**Material provided**:
- Opening Delimiter -
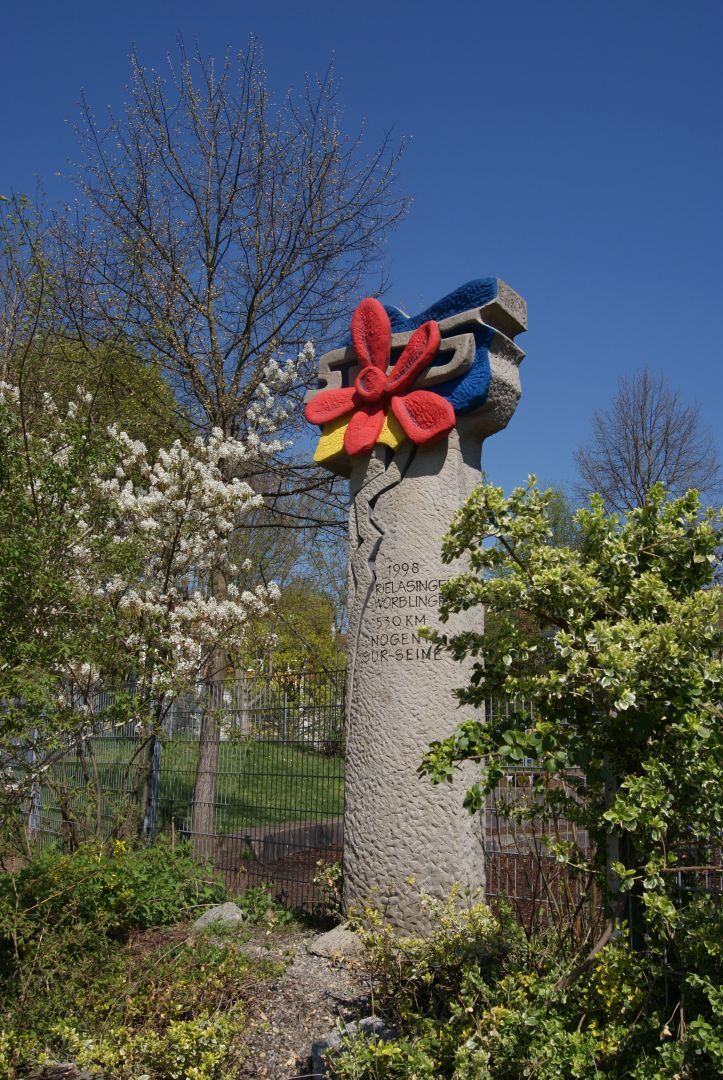 Internationale Künstler haben die Idee „Grenzen und Verbindungen“ in 15 modernen Kunstwerken aus Holz, Stein und Eisen dargestellt. Initiator der Idee war der Rielasinger Künstler Marcus Schwarz anlässlich der 25-jährigen Partnerschaft mit Nogent-sur-Seine in Frankreich.
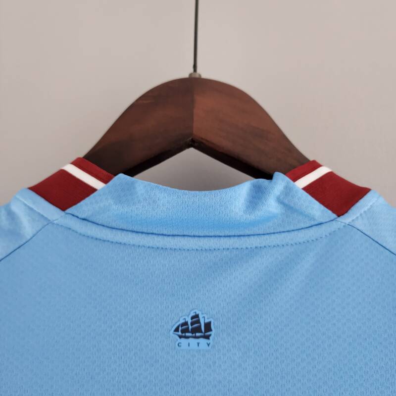 Presenta un diseño impresionante con un vibrante color azul cielo y líneas en granate que resaltan la elegancia y el estilo del equipo, esto hace que destaque en cualquier lugar. Pero lo que la hace aún más especial es la corona ubicada en el interior del torso, que rinde homenaje a Colin Bell, conocido como Colin el Rey.
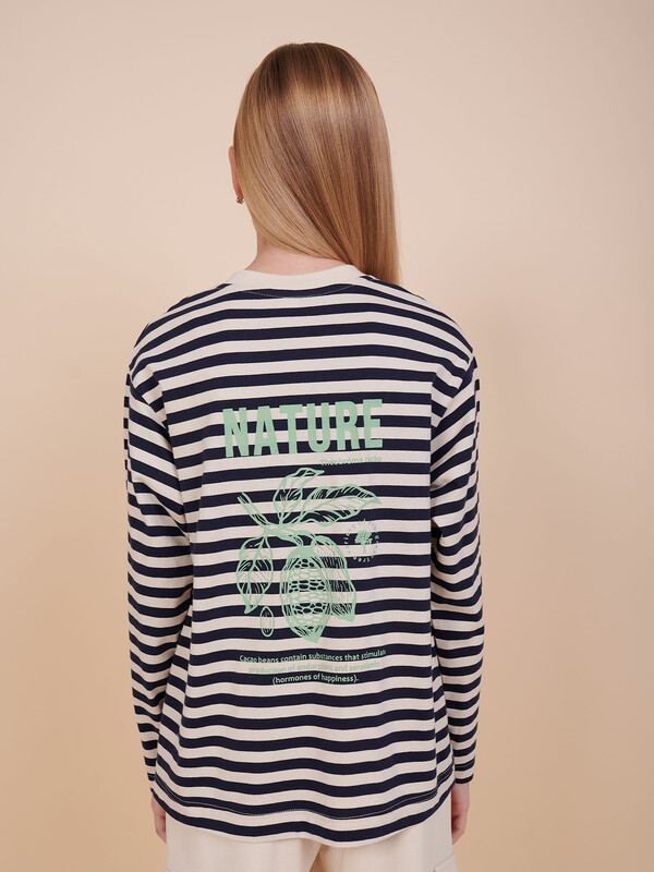 Детский джемпер-поло для девочки. Лонгслив свободного силуэта со спущенным плечом и рубашечными, зауженными книзу рукавами подарит ребёнку комфорт и свободу движения. Вырез горловины и планка с застёжкой на пуговицы обработаны эластичной рибаной (ткань в рубчик) — она отлично держит форму, при этом ребёнку удобно надевать и снимать футболку. Тельняшка — один из супертрендов сезона! За изделием легко ухаживать. Джемпер в полоску (полоска вытканная, не принт) украшено красивым принтом в ботаническом стиле по спинке. На принте изображены какао-бобы. Надписи переводятся: "природа", "шоколадное дерево", "вечнозелёное дерево", "какао-бобы содержат вещества, которые стимулируют выработку эндорфинов и серотонина (гормоны счастья)". Принт мягкий и стойкий, не боится частых стирок. Модель выполнена из 100% высококачественного хлопка — джемпер мягкий и великолепно пропускает воздух, что позволяет коже ребёнка свободно дышать. Изделие представлено в двух актуальных вариантах цвета: тёмно-синем и бордовом. Джемпер идеален для маленьких девочек дошкольного и младшего школьного возраста, а также девочек-подростков. Модель подходит для детского сада, спорта, прогулок, отдыха, а также в качестве домашней одежды. Размерный ряд: 1 (86); 2 (92); 3 (98); 4 (104); 5 (110); 6 (116); 7 (122); 8 (128); 9 (134); 10 (140); 11 (146). Лонгслив детский подходит для носки летом, осенью и весной (демисезон), зимой в качестве среднего слоя одежды. Его просто комбинировать с различными брюками, юбками, сарафанами и джинсами. Детский джемпер поло — замечательный подарок дочери, внучке или сестре на любой праздник. Выбирайте нужный размер по таблице размеров на фото. Цвет товара на экране вашего устройства может отличаться от цвета изделия вживую.
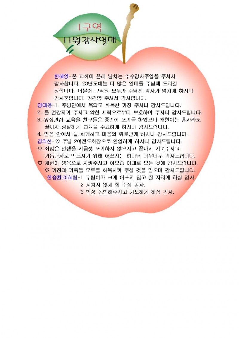 2022.11월 감사열매 1,2구역
- Closing Delimiter -
**Activity**: Output all of the listing above, exactly as given, but without its pictures.

**Task output**:
 Internationale Künstler haben die Idee „Grenzen und Verbindungen“ in 15 modernen Kunstwerken aus Holz, Stein und Eisen dargestellt. Initiator der Idee war der Rielasinger Künstler Marcus Schwarz anlässlich der 25-jährigen Partnerschaft mit Nogent-sur-Seine in Frankreich.
 Presenta un diseño impresionante con un vibrante color azul cielo y líneas en granate que resaltan la elegancia y el estilo del equipo, esto hace que destaque en cualquier lugar. Pero lo que la hace aún más especial es la corona ubicada en el interior del torso, que rinde homenaje a Colin Bell, conocido como Colin el Rey.
 Детский джемпер-поло для девочки. Лонгслив свободного силуэта со спущенным плечом и рубашечными, зауженными книзу рукавами подарит ребёнку комфорт и свободу движения. Вырез горловины и планка с застёжкой на пуговицы обработаны эластичной рибаной (ткань в рубчик) — она отлично держит форму, при этом ребёнку удобно надевать и снимать футболку. Тельняшка — один из супертрендов сезона! За изделием легко ухаживать. Джемпер в полоску (полоска вытканная, не принт) украшено красивым принтом в ботаническом стиле по спинке. На принте изображены какао-бобы. Надписи переводятся: "природа", "шоколадное дерево", "вечнозелёное дерево", "какао-бобы содержат вещества, которые стимулируют выработку эндорфинов и серотонина (гормоны счастья)". Принт мягкий и стойкий, не боится частых стирок. Модель выполнена из 100% высококачественного хлопка — джемпер мягкий и великолепно пропускает воздух, что позволяет коже ребёнка свободно дышать. Изделие представлено в двух актуальных вариантах цвета: тёмно-синем и бордовом. Джемпер идеален для маленьких девочек дошкольного и младшего школьного возраста, а также девочек-подростков. Модель подходит для детского сада, спорта, прогулок, отдыха, а также в качестве домашней одежды. Размерный ряд: 1 (86); 2 (92); 3 (98); 4 (104); 5 (110); 6 (116); 7 (122); 8 (128); 9 (134); 10 (140); 11 (146). Лонгслив детский подходит для носки летом, осенью и весной (демисезон), зимой в качестве среднего слоя одежды. Его просто комбинировать с различными брюками, юбками, сарафанами и джинсами. Детский джемпер поло — замечательный подарок дочери, внучке или сестре на любой праздник. Выбирайте нужный размер по таблице размеров на фото. Цвет товара на экране вашего устройства может отличаться от цвета изделия вживую.
 2022.11월 감사열매 1,2구역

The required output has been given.